Que el mundo va a peor ya no es sólo una manía de los desencantados más veteranos, qué va, sino que cada día nos topamos con evidencias que demuestran empíricamente cómo vamos a menos. Si no, a ver cómo se explica esa depauperación que ha sufrido ‘El Pequeño Nicolás’, que ha pasado de ser el entrañable personaje de Goscinny a un insignificante villano de tercera división, un ‘wannabe’ del trapicheo ibérico, aspirante a figurón con carné de la gaviota al que de pronto se le ha acortado el aterrizaje. Claro que siempre será mejor entretenerse con bagatelas que afrontar la realidad del país, que está la cosa para ponerse a llorar por las esquinas de la política o para coger un avión hacia cualquier lugar, siempre que no sea desde algún aeropuerto de esos que sólo sirven como ruta del colesterol.
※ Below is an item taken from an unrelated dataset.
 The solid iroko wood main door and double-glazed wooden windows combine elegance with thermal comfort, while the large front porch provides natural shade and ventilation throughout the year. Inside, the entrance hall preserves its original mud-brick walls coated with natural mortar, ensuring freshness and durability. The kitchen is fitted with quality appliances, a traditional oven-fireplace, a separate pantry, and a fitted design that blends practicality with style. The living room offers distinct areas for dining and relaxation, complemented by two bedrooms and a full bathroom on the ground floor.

Y es nuestra cultura, la de la siesta y demás tópicos patrios, se está quedando en nada… Ya no sirve ni aquello de ‘pasar más hambre que un maestro escuela’, y no precisamente porque los gobernantes hayan decidido por fin dignificar salarialmente la profesión más altruista que existe, sino porque con el cuento de los recortes, las congelaciones y demás zarandajas, más que tasas de reposición parece que los gobernantes se empeñen en que los docentes acaben de reponedores de cualquier gran superficie. Como si de una venganza por la marea de protestas se tratase, la escabechina entre el profesorado pronto va a alcanzar niveles de las purgas de posguerra.
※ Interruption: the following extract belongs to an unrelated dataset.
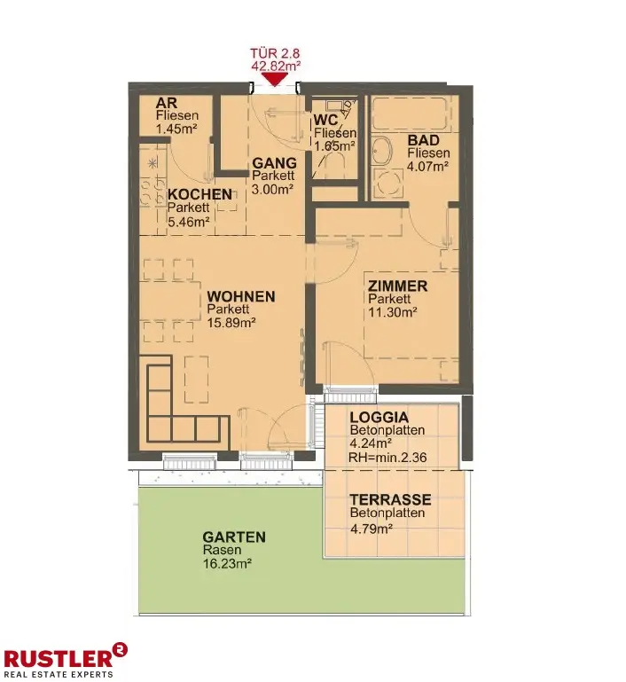 Zwischen Marchfeldkanal, dem Bisamberg und der beliebten Stammersdorfer Kellergasse mit seinen Heurigen gelegen, befindet sich dieses Projekt zum Wohlfühlen im 21. Wiener Gemeindebezirk. Man ist umgeben von reichlich Grün und inmitten von Naherholungsgebieten, wodurch reichlich Freiraum für Entspannung und Erholung geboten wird. Vom Bisamberg aus ist der Blick auf die Stadt und den Donauraum einmalig. Die Landschaft ist Lebensraum für viele bemerkenswerte Tiere und Pflanzenarten und erlaubt zudem den traumhaften Ausblick auf unvergleichliche Sonnenuntergänge. Genießen Sie die Vorzüge des Stadtlebens, gepaart mit Ruhe und wunderschöner Natur! Die zeitlose Architektur des Gebäudes fügt sich harmonisch ins Umfeld ein. Die Erschließung aller 65 Wohnungen erfolgt über zwei Stiegenhäuser samt Aufzügen. Alle Wohneinheiten verfügen über unterschiedliche Freiflächen, wie Eigengärten, Terrassen, bzw. Loggien. Im Kellergeschoss ist die Errichtung einer Tiefgarage mit 63 PKW-Stellplätzen vorgesehen, zudem befinden sich dort auch die Technik- und Einlagerungsräume, sowie Fahrradabstellplätze. Ein zusätzlicher Kinderwagenabstellraum ist im Erdgeschoss vorgesehen. Ausstattung: • Vollwärmeschutzfassade mit hervorragender Energieeffizienz • Eichenparkettböden in allen Wohn- und Schlafräumen • Fußbodenheizung mit Raumthermostat • Heizung- und Warmwasser komfortabel über Fernwärme • Qualitativ hochwertige Armaturen • Außenliegender Sonnenschutz bei den Fenstern • Kabel-TV / Internet Anschluss • Wohnungseingangstüren mit Einbruchsschutz (WK II bzw. RC2) • Einlagerungsraum für jede Wohnung • Kinderwagenabstellplätze im EG • Fahrradabstellplätze im UG Der PKW-Stellplatz in der hauseigenen Tiefgarage kostet € 85,20 und kommt zu den monatlichen Gesamtkosten hinzu. Idyllische Gassen, Weinberge und traditionelle Heurige warten auf Genießer. Ein schönes Ausflugsziel in der näheren Umgebung bietet der Bisamberg. Lassen Sie den Alltagsstress zu Hause und entspannen Sie zwischen den Weinreben mit einem herrlichen Blick über Wien. Erledigungen des täglichen Bedarfs können großteils zu Fuß erledigt werden. Der Autobus ist nur eine Minute entfernt, die Straßenbahn in Gehweite stellt die Direktverbindung zur U-Bahn-Linie U6 dar. Somit kann man die Vorzüge des ländlichen Stadtrands genießen und erreicht dennoch gemütlich die Wiener Innenstadt. Ein Shopping-Vergnügen bietet das G3 Shopping Resort Gerasdorf, wo einkaufen wohlfühlen ist, sowie das Shopping Center Nord inklusive Kino-Erlebnis.

Y es que, como cantaba Molina, el futuro es muy oscuro, sobre todo en la función pública. Con excepción de cuatro afortunados, la última década tal vez sea el final de un oficio tradicional, de servicio a los demás, pero que también supone una de las pocas formas de independencia en este mundo neoconservador. Claro que no falta quien aspira a una plaza de funcionario soñando con un empleo fijo y seguro –aunque pronto descubrirá que se parece mucho al tesoro de Sierra Madre: no es oro lo que brilla, sino pirita–; sin embargo, para otros significa un modo ético de entender el trabajo y las relaciones laborales, sin amos ni plusvalías. Un pequeño paraíso de equidad en pleno infierno tardocapitalista. Otra manera de hacer las cosas, sin renunciar a estar en el mundo.
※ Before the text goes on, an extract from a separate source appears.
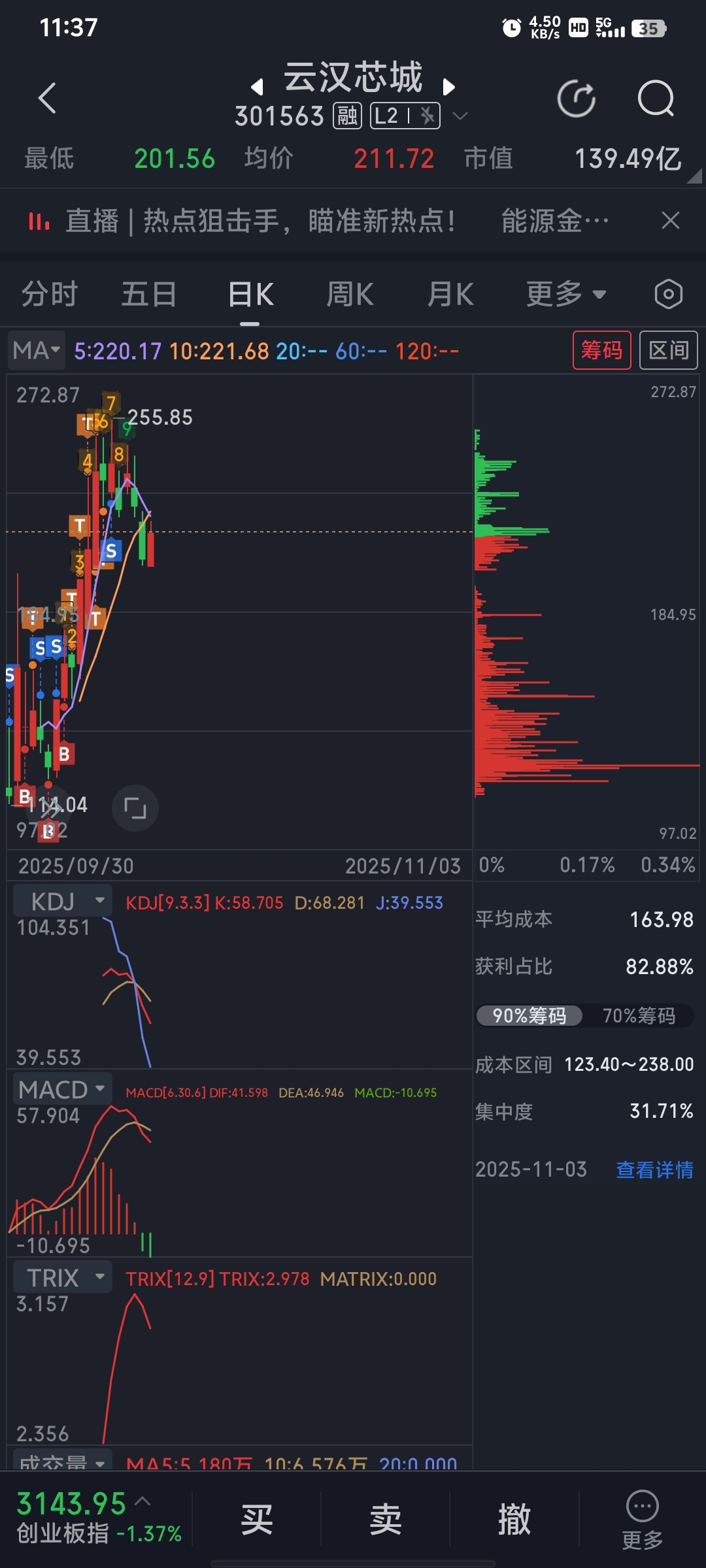 $云汉芯城(SZ301563)$ 再等几个交易日,趋势线不漂亮。

Pero parece que esa reliquia del pasado, esa vía alternativa de trabajar para todos, molesta a los gobiernos, con independencia de su signo. ¿Para qué mantener esa refinada fórmula de selección natural que son las oposiciones, si es mucho más práctico utilizar el dedo para favorecer a amigos y correligionarios? A fuerza de no convocarlas, hasta el término ‘oposición’ va a perder acepciones, para quedarse tan sólo en aquella actitud corrosiva de Groucho Marx: «sea lo que sea, estoy en contra».